Look for downward revisions in earnings estimates before the end of the year. EPIQ might be able to manage quarterly earnings, which are unaudited and don't contain footnotes. It won't be able to maintain its inflated appearance of profitability in its annual report, though. Long term, the prospects for EPIQ look bleak. To justify its valuation of ~$14/share, the company must grow NOPAT 20% compounded annually for 15 years. Even assuming EPIQ can maintain margins and market share as the eDiscovery industry grows, it's hard to construct a scenario where it can meet those lofty expectations.
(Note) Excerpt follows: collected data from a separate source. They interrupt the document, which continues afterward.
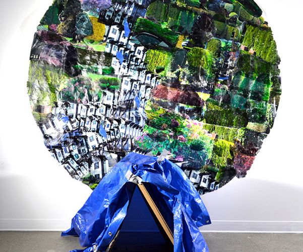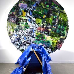Tapping into society’s stream of consciousness by watching daily news programs and reading non-fiction publications, her artwork identifies the complexities in the day-to-day of human existence on this delicately balanced planet. Her practice has been informed by the writings and artworks of Douglas Coupland which encourage audience interaction on a conceptual plane. She constructs multi-medium installations utilizing found objects which re-purpose concrete notions into abstract concepts. Many of her works utilize photo transfer to meld art technique with real world images; creating an undertow of unease as the viewer’s emotional connection to life experiences engage with the art pieces.
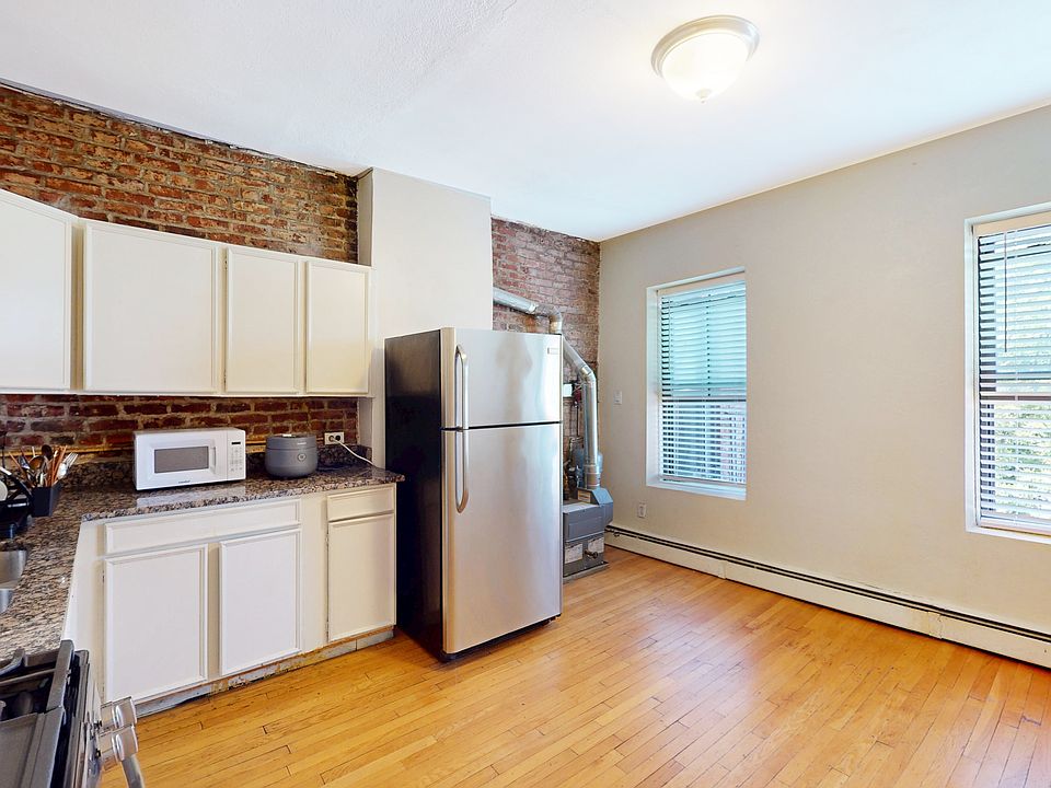Modern bathModern kitchenExposed brickHardwood floorsStainless steel appliancesHigh ceiling
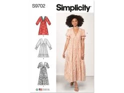 Simplicity Pattern S9702 Misses’ Dress- Size Y5 (18-20-22-24-26) – is a standard printed tissue pattern (not downloadable). V-neck empire-line dress with pockets. Mid-knee to mid-calf lengths. View A: crochet trim V-neckline, long sleeves gathered to self bias binding edges. View B: ruffled hem, long sleeves elasticated at wrist with ruffles. View C: tiered skirt, short ruffled sleeves gathered at sleee cap. Designed for woven fabrics. Sew Rating: Average. See the second image for back of the pattern packet which lists recommended fabric types, size chart and meterage required.
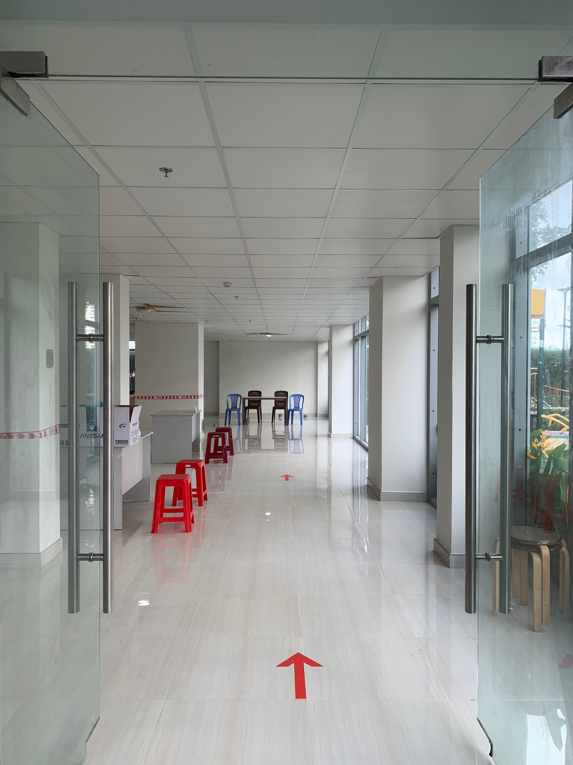 Các ghế chờ được sắp xếp sẵn, đảm bảo khoảng cách trên 2m, tuân thủ đúng và nghiêm túc 5K.
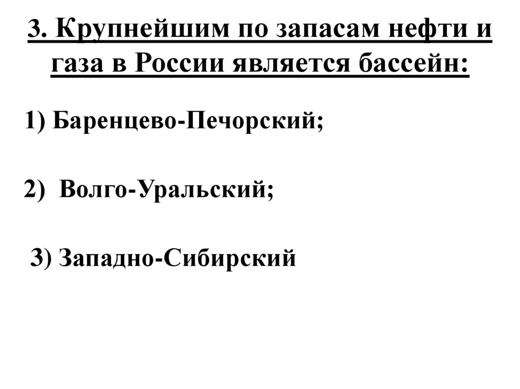 3. Крупнейшим по запасам нефти игаза в России является бассейн:
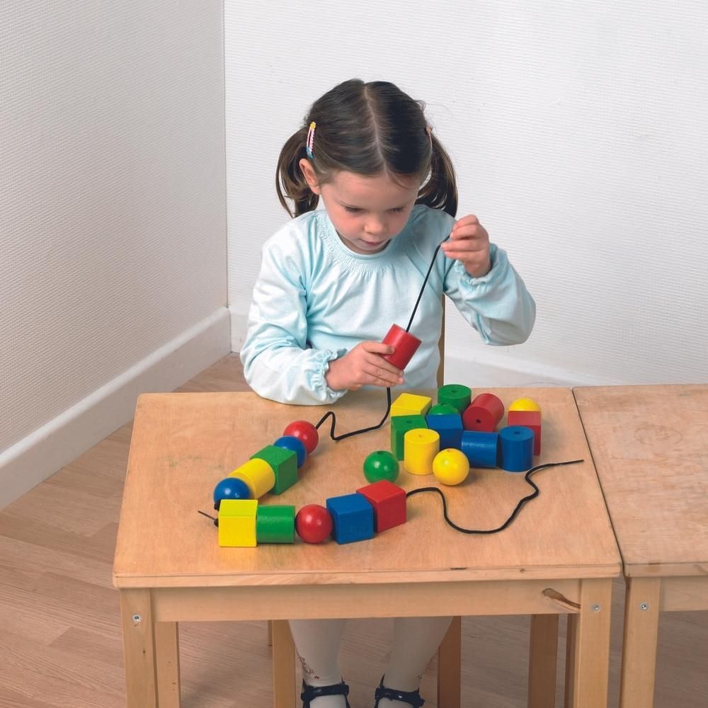 Dla kogo? Drewniane duże korale do nawlekania to zabawka przeznaczona nie tylko dla dzieci od 3 roku życia, ale również dla dorosłych. Zabawa polega na nawlekaniu na sznurówki klocków. Można tworzyć wiele kombinacji, nawlekać według koloru kształtu lub określonego wzoru. Dziecko rozwija kreatywność …
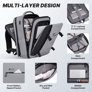 DEVPNR Expandable Laptop Backpack 41L USB Port Airline Approved Travel Bag 17.3"
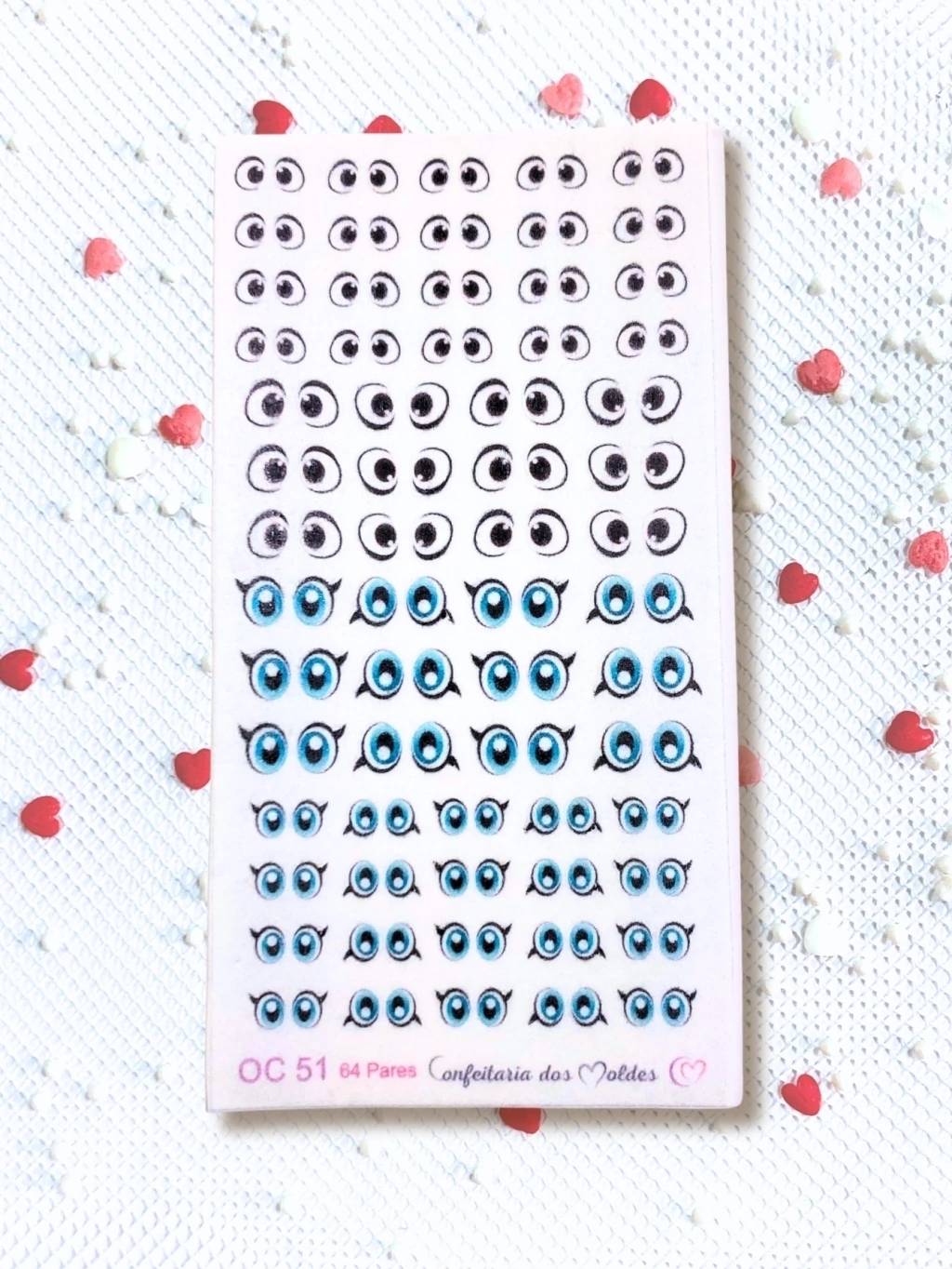 Cartela de olhos comestíveis destacáveis contendo 64 pares sendo 40 pares P + 24 pares G, produzidos em papel de arroz, próprio para confeitaria e indicado para utilizar em doces feitos com pasta de açúcar ou pasta de leite em pó. Manusear com delicadeza para não rasgar e/ou amassar.
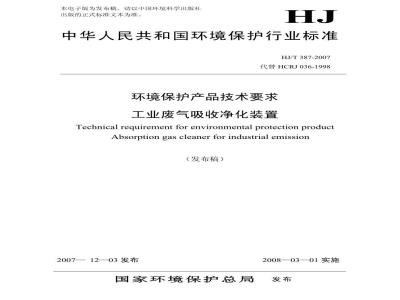 Technical requirement for environmental protection productAbsorptiongascleanerforindustrial emission(发布稿)
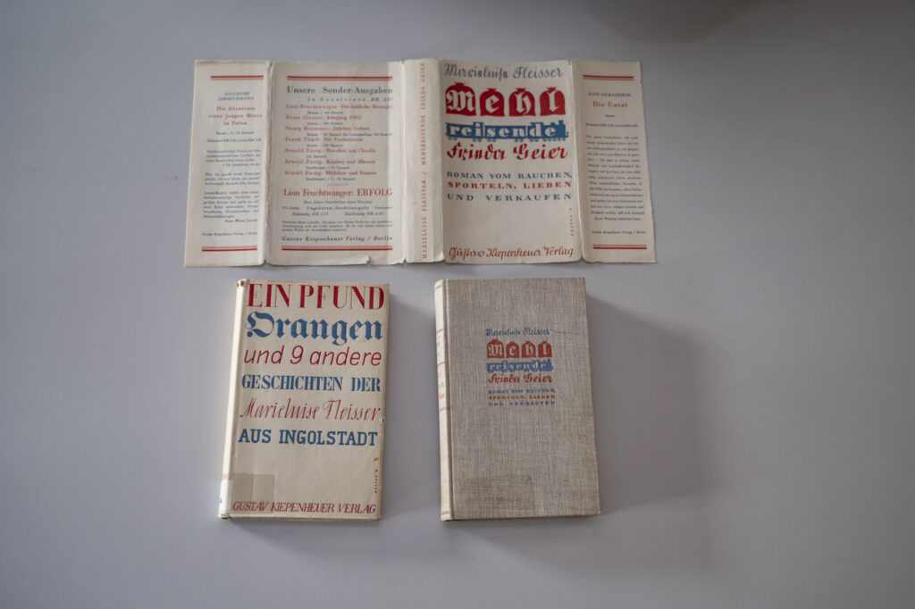 Im Oktober 2021 wurde in Berlin ein Exemplar von Marieluise Fleißers Mehlreisende Frieda Geier. Roman vom Rauchen, Sporteln, Lieben und Verkaufen versteigert. Ausdrücklich heißt es im Auktionskatalog: „(mit SU)“, also mit Schutzumschlag. Der Zuschlag erfolgte für € 2600. Nicht zuletzt wohl deshalb. Eine immerhin signierte Erstausgabe des Romans war dagegen vor einiger Zeit für ‚nur‘ € 280 auf dem Markt. Schon dieser Erstdruck von 1931 im Gustav Kiepenheuer Verlag, Berlin, ist eine Rarität. Das ist auch den Zeitumständen geschuldet. Fleißers Buch taucht auf den „Listen des schädlichen und unerwünschten Schrifttums“ der Nazis nach den Bücherverbrennungen seit dem 10. Mai 1933 auf. Das hat seiner Verbreitung, seiner Aufbewahrung und Sammlung sicher geschadet. Ebenfalls, dass er sich einer kulinarischen Lektüre entzieht. Dass der Roman damit ein Meilenstein, ein ganz spezifisch Ingolstädter Meilenstein der modernen Stadt-Literatur ebenso ist wie Joyces Ulysses ein spezifisch Dubliner Meilenstein, ist heute unstrittig.
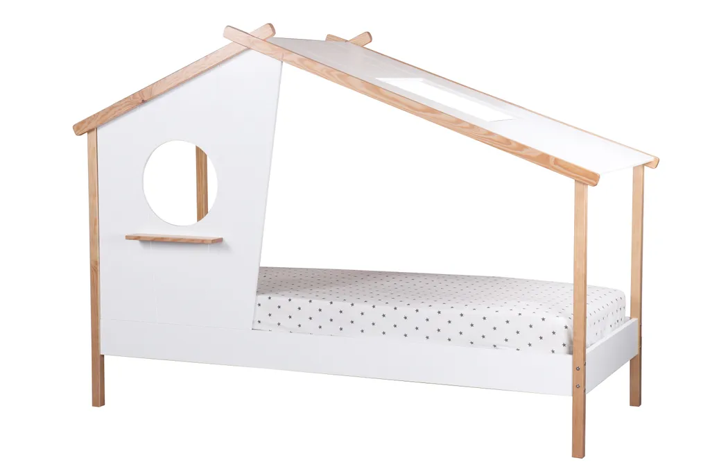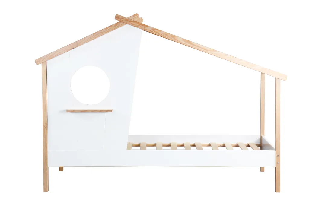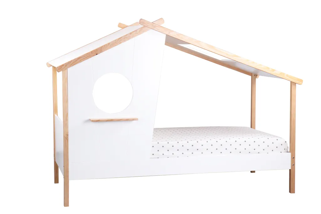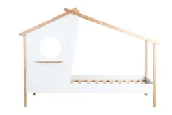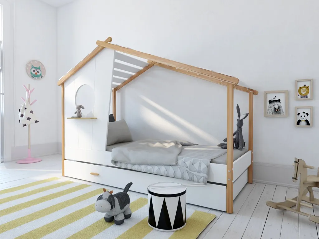Dass es in punkto Einrichtung für das Kinderzimmer auch ausgefallen geht, beweist dieses Bett. Schönes Design und die nordisch-moderne Farbkombination von weiß lackiertem Korpus und naturbelassenem Holz machen das Kinderbett zum modernen Hingucker. Die hausförmige Basis mit viel offener Fläche bietet jede Menge Platz zum Spielen und Schlafen. Durch das Anbringen von Stoffen oder Vorhängen an den Holzstreben kann das Bett im Handumdrehen personalisiert werden. Das Lattenrost für eine Matratzengröße von 90×200 cm ist im Lieferumfang enthalten. Lassen Sie der Fantasie Ihres Kindes freien Lauf und lassen Sie das Kinderbett vom sicheren Schlafplatz zum Ort für Spiel und Abenteuer werden. Das Bett besteht aus pflegeleichtem MDF und Pinienholz und bietet mit seiner skandinavisch schlichten Eleganz eine moderne Unisex Lösung für ein breites Spektrum an Kinderzimmereinrichtung und Altersstufen. Ob als Spielhaus oder Kuschelecke, dieses Möbelstück wird bestimmt zum neuen Lieblingsplatz Ihres Sprösslings.
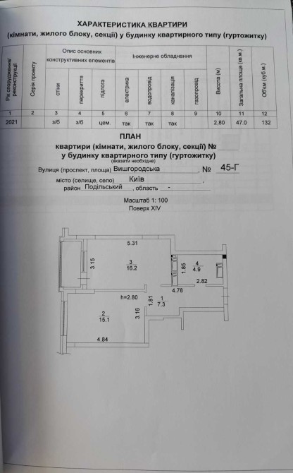 Загальна площа 47 м2, житлова 15 м2, кухня-вітальня 17 м2
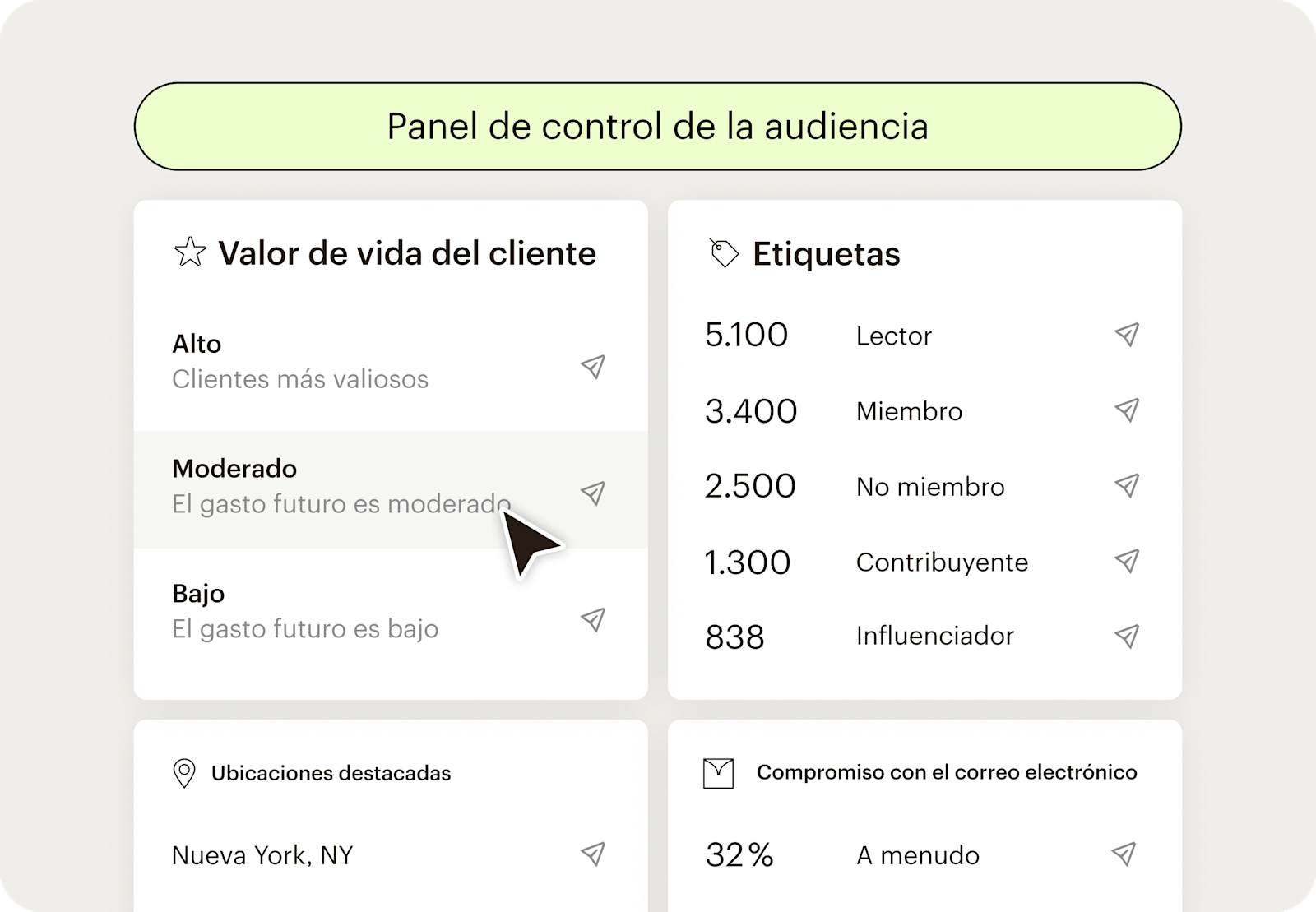 Las herramientas de público de Mailchimp te ayudan a almacenar, segmentar y comprender a tus clientes para ofrecer las experiencias personalizadas más relevantes.
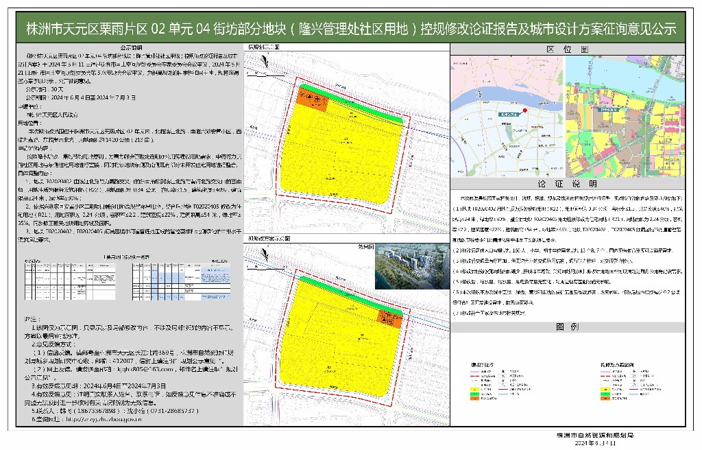 《株洲市天元区栗雨片区02单元04街坊部分地块(隆兴管理处社区用地)控规修改论证报告及城市设计方案》征询意见公示
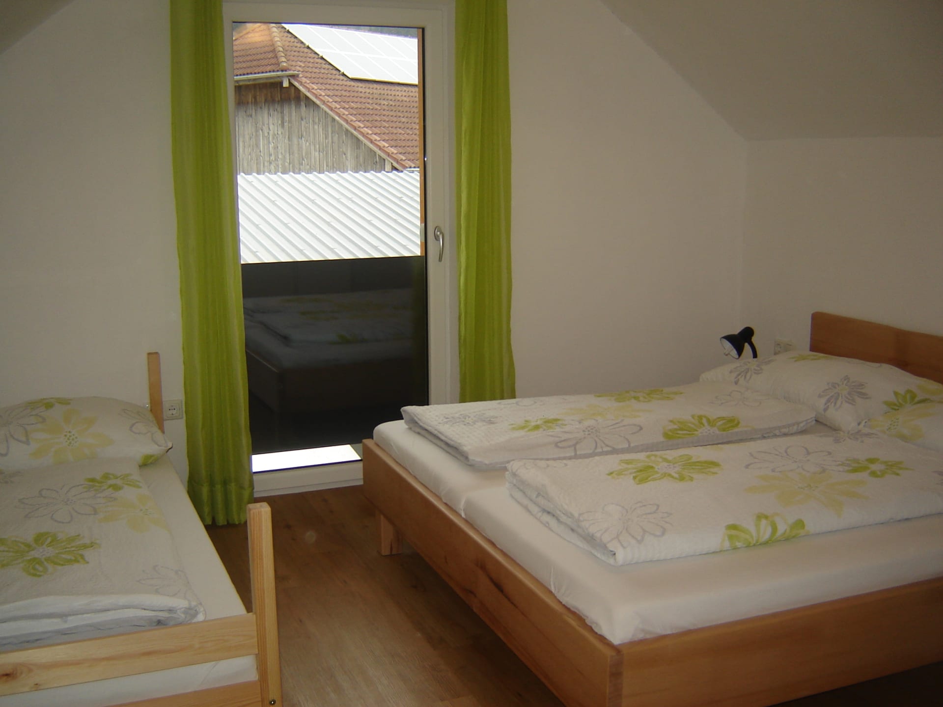 Diese Ferienwohnung liegt im ersten Obergeschoß in unserem neu errichteten Ferienhaus. Die Wohnung besteht aus Wohnküche, 2 Schlafzimmern mit Doppelbett bzw. Doppelbett und Stockbett, Bad, WC und Vorraum.
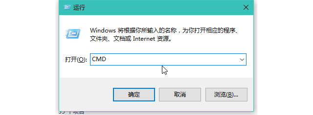 然后在弹出的窗口选项中输入“CMD”,点击确认。
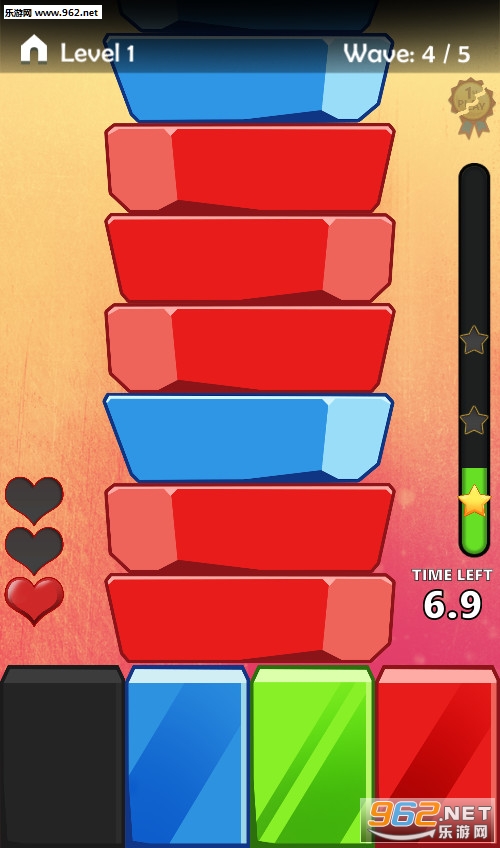 《彩色水龙头安卓版》的英文名字是Color Tap,是一款比较不错的休闲娱乐小游戏。游戏的玩法非常简单,根据颜色按钮消灭水龙头一样的彩色块就好了,每一关会有三滴血,点错一次扣一血,游戏有时间限制。

Investors looking at EPIQ as a growth stock need to do proper diligence to see that there is not as much growth as GAAP results suggest. In reality, EPIQ has shrinking margins, stagnant profits, and one-third of the company is in a long-term decline. To even meet analyst estimates for the year it needs nearly 50% growth in profits. Look for analysts, and the market, to sour on EPIQ in the near future as its artificially high profits are stripped away and its true profitability revealed.
Sam McBride contributed to this article.
Disclosure: I have no positions in any stocks mentioned, and no plans to initiate any positions within the next 72 hours. I wrote this article myself, and it expresses my own opinions. I am not receiving compensation for it. I have no business relationship with any company whose stock is mentioned in this article.
Additional Disclosure: David Trainer and Sam McBride receive no compensation to write about any specific stock, sector, or theme.